The Orange Pi 6 Plus

(taoofmac.com)

78 points | by rcarmo 3 days ago

9 comments

  • youngNed 6 minutes ago
    I'm a big fan of raspberry pi, I have many, in fact I have so many I have:

    ``` alias findpi='sudo nmap -sP 192.168.1.0/24 | awk '\''/^Nmap/{ip=$NF}/B8:27:EB|DC:A6:32|E4:5F:01|28:CD:C1/{print ip}'\''' ```

    On every `.bashrc` i have.

    But I just don't get... everything, I don't get the org, I don't get the users on hn, I'm like skinner in the 'no the kids are wrong' meme.

    It's a lambda. It's a cheap, plug in, ssh, forget. And it's bloody wonderful.

    If you buy a 1 or 2 off ebay, ok maybe a 3.

    After that? Get a damn computer.

    Want more bandwidth on the rj45? Get a computer.

    Want faster usb? Get a computer.

    Want ssd? Get a computer

    Want a retro computing device? Get a computer.

    Want a computer experience? Etc etc etc, i don't need to labour this.

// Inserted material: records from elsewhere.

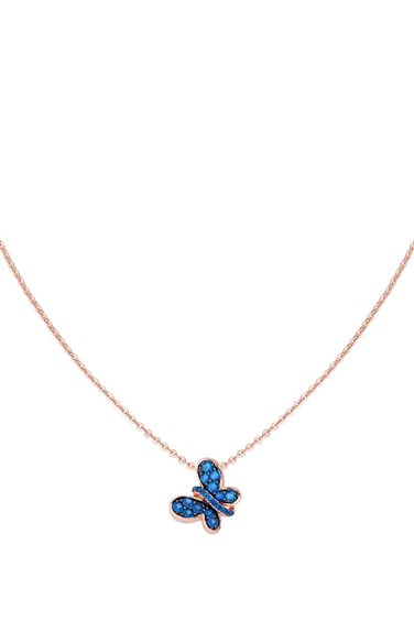 Collana in Argento 925 e zirconi blu - Rosè - Lunghezza 40+5cm - farfalla Ø 1cm
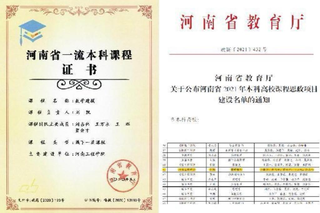 开云kaiyun官方网站数模指导组党员教师广泛围绕数学建模工作开展教学研究和教学改革,共立项河南省教学研究项目4项,其中重点项目1项。获批河南省一流课程、课程思政样板课、研究性教学课程6项,其中,数模指导组教师主讲的《数学建模》课程分别于2020年、2021年获批河南省一流课程、河南省课程思政样板课程。
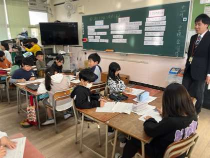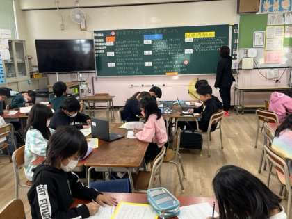 4年生は算数科の小数のかけ算でした。考え方をみんなで共有し、練習問題にチャレンジします。位に気をつけながら頑張って計算していました。
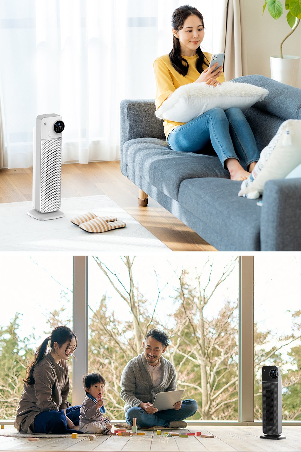 約2.4㎏軽量でコンパクトな本体は、移動や設置がしやすく、スマートな暖房であり、リビングはもちろん、キッチンや脱衣所などの狭い場所でスポット暖房として使うのに大人気です。
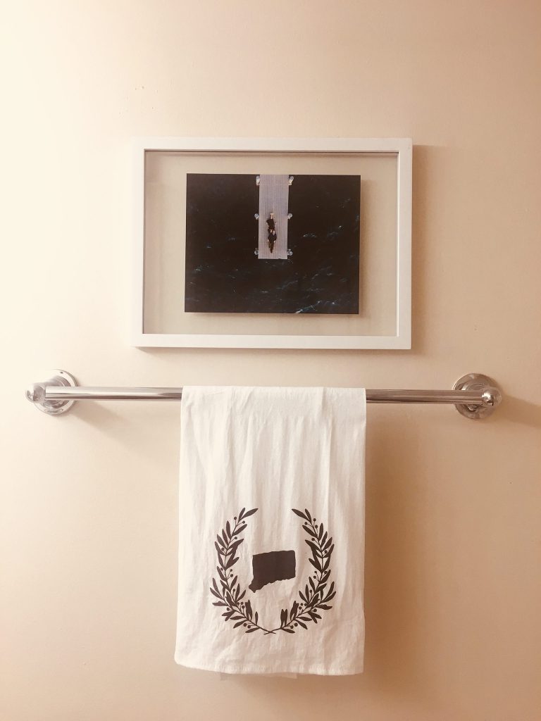 It looks really chic, but it is actually made of plastic. This mirror is very old and it used to hang in my Nana’s bedroom. She had it over her bureau since before I was born. I didn’t really keep anything of her’s except for some old photos and hand written recipe cards of her mother’s. I was looking for a mirror for our bedroom when my dad gave me her old one. It makes me think of her.
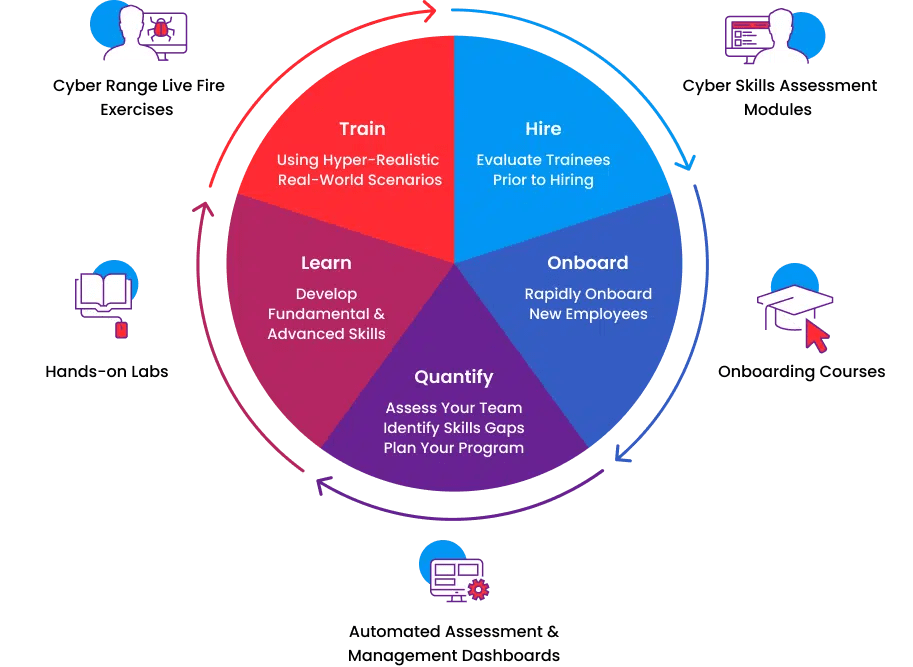 Cyberbit delivers role-focused courses that begin with practical labs for skill development and end with live-fire cyber range exercises, providing real-world experience in handling cyber threats.

    Want something that will sit there, have ssh and run python scripts for years without a reboot? Spend 20 quid on ebay.

    People demanded faster horses. And the raspi org, for some, damn fool, reason, tried to give them.

    • geerlingguy 1 minute ago
      TFA is about an Orange Pi, with a 12-core Arm chip, a bit more than a Raspberry Pi.
  • BirAdam 2 days ago
    I love that OrangePi is making good hardware, but after my experience with the OrangePi 5 Max, I won’t be buying more hardware from them again. The device is largely useless due to a lack of software support. This also happened with the MangoPi MQ-Pro. I’ll just stick with RPi. I may not get as much hardware for the money, but the software support is fantastic.
    • Aurornis 39 minutes ago
      > The device is largely useless due to a lack of software support.

      I think everyone considering an SBC should be warned that none of these are going to be supported by upstream in the way a cheap Intel or AMD desktop will be.

      Even the Raspberry Pi 5, one of the most well supported of the SBCs, is still getting trickles of mainline support.

      The trend of buying SBCs for general purpose compute is declining, thankfully, as more people come to realize that these are not the best options for general purpose computing.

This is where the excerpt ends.